»»

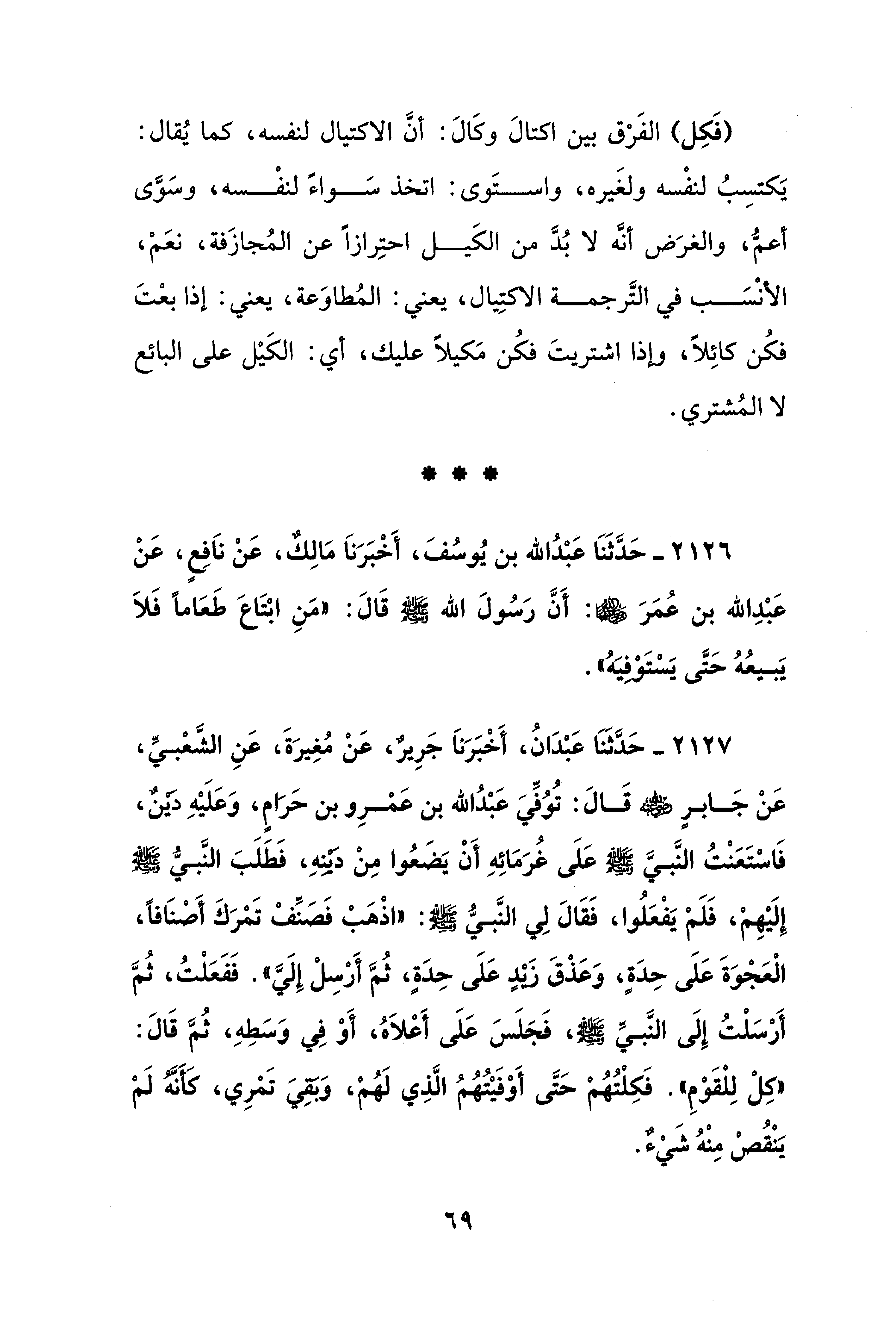 2126 - حَدَّثَنَا عَبْدُ الله بن يُوسُفَ، أَخْبَرَناَ مَالِكٌ، عَنْ ناَفِعٍ، عَنْ عَبْدِ الله بن عُمَرَ - رضي الله عنهما -: أَنَّ رَسُولَ الله - صلى الله عليه وسلم - قَالَ: "مَنِ ابْتَاعَ طَعَامًا فَلاَ يَبيعُهُ حَتَّى يَسْتَوْفِيَهُ".
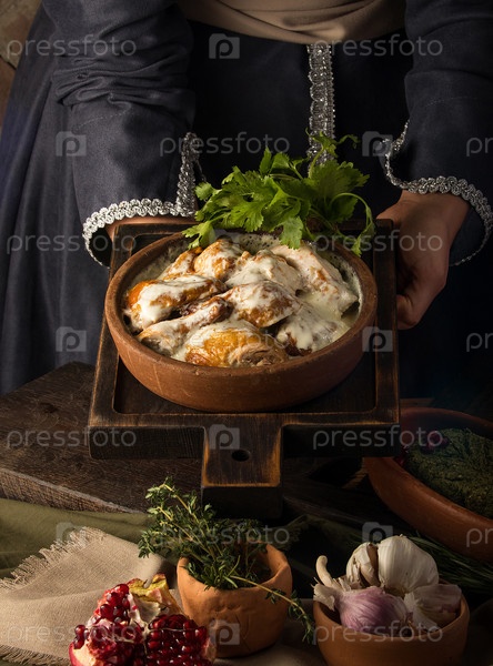 Вертикальный снимок официантки, представляющей курицу в сливочном соусе
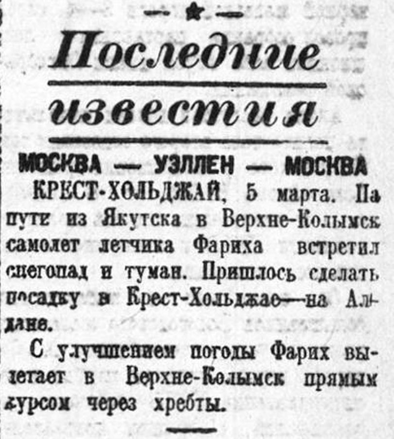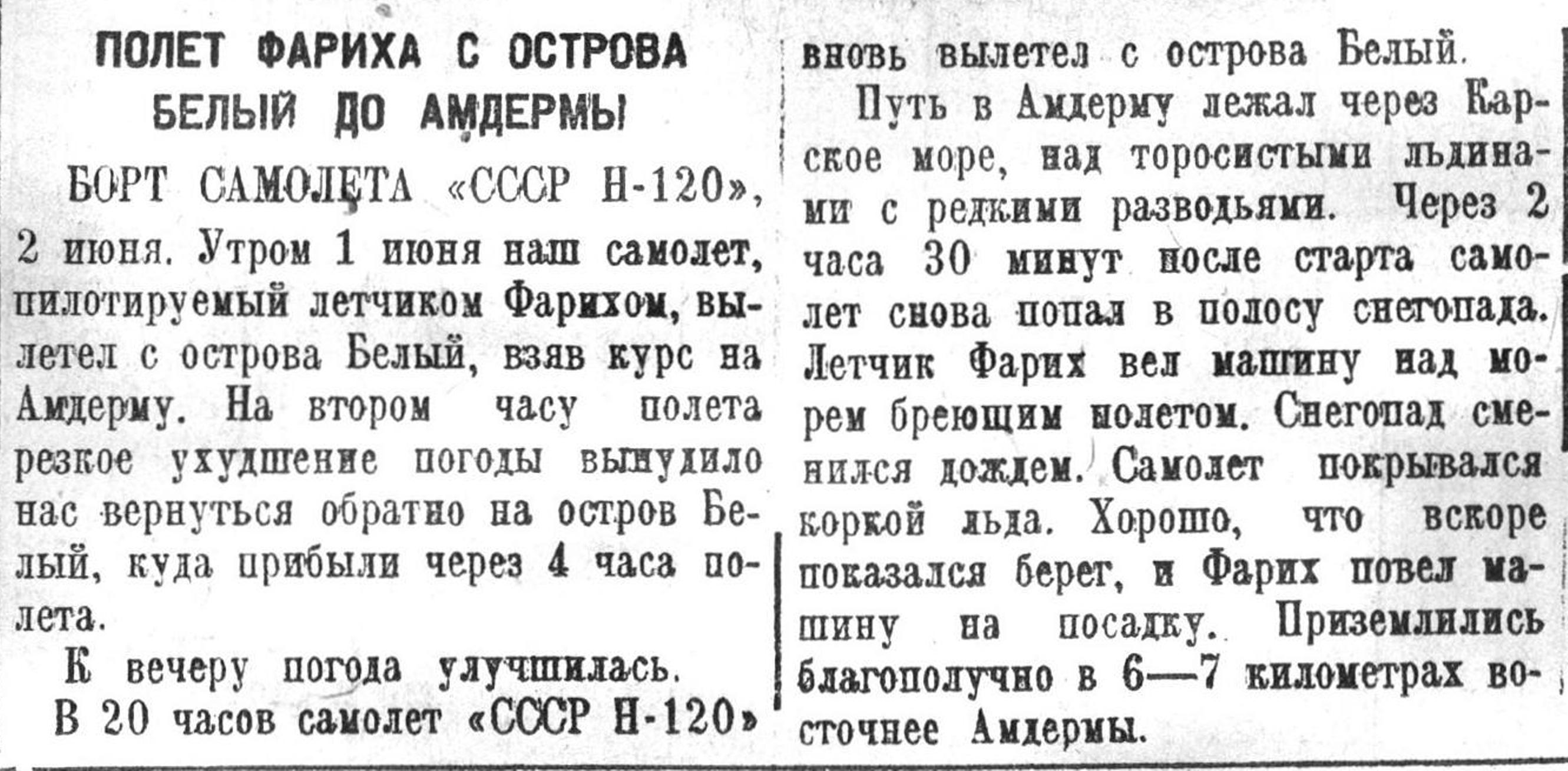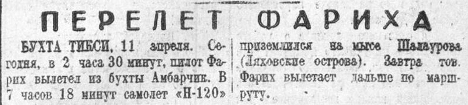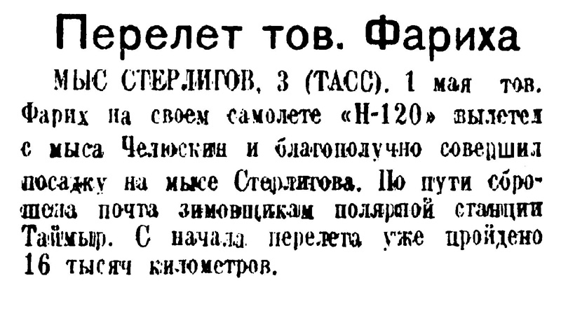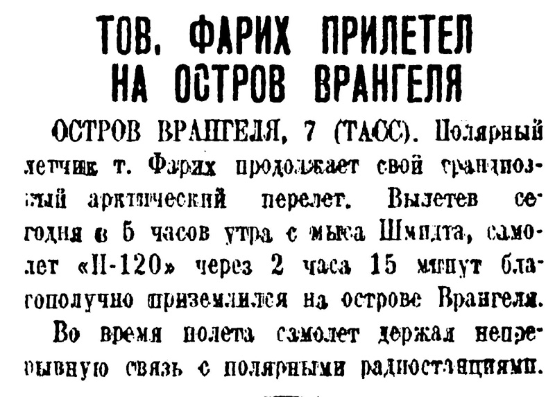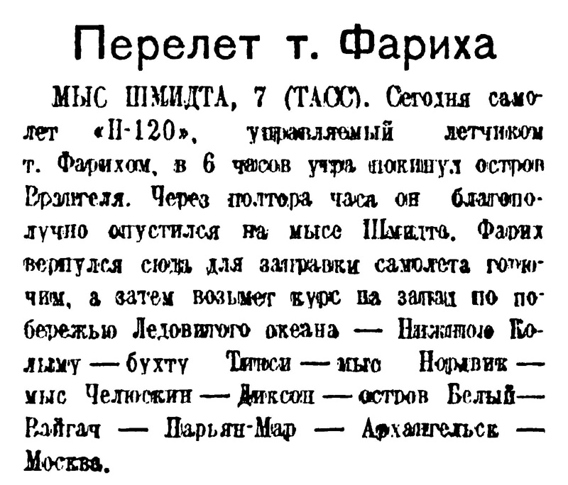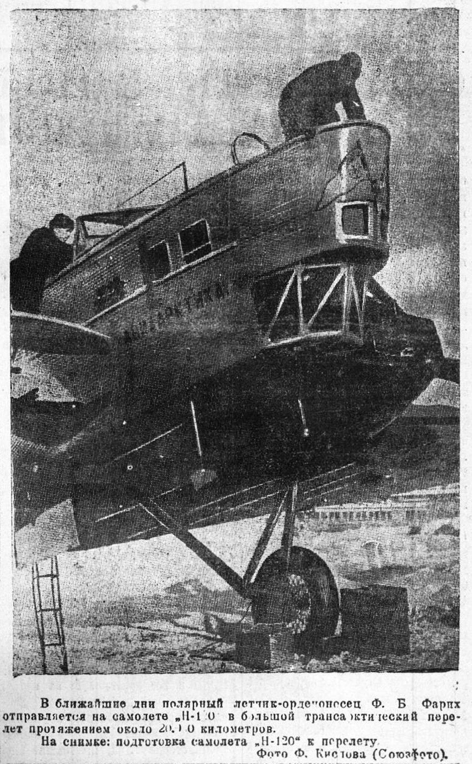 Как сообщали в беседе нам участники перелета, самолет «Н-120» сегодня вылетит на Якутск, а оттуда дальше — в суровую Арктику. Тов. Фарих везет с «большой земли» почту на Анадырь, остров Врангеля, Ванкарем, Уэллен, Сердце-Камень и на другие зимовки далекого севера. Свыше тысячи писем. Везет самолет и астрономические приборы на Уэллен и научные пособия, книги — на Таймырский полуостров.

««

▸ **TASK DIRECTIONS**
In the copy, include no pictures; everything else in the material should be written out exactly.

▸ **RESPONSE TO THE TASK**
 2126 - حَدَّثَنَا عَبْدُ الله بن يُوسُفَ، أَخْبَرَناَ مَالِكٌ، عَنْ ناَفِعٍ، عَنْ عَبْدِ الله بن عُمَرَ - رضي الله عنهما -: أَنَّ رَسُولَ الله - صلى الله عليه وسلم - قَالَ: "مَنِ ابْتَاعَ طَعَامًا فَلاَ يَبيعُهُ حَتَّى يَسْتَوْفِيَهُ".
 Вертикальный снимок официантки, представляющей курицу в сливочном соусе
 Как сообщали в беседе нам участники перелета, самолет «Н-120» сегодня вылетит на Якутск, а оттуда дальше — в суровую Арктику. Тов. Фарих везет с «большой земли» почту на Анадырь, остров Врангеля, Ванкарем, Уэллен, Сердце-Камень и на другие зимовки далекого севера. Свыше тысячи писем. Везет самолет и астрономические приборы на Уэллен и научные пособия, книги — на Таймырский полуостров.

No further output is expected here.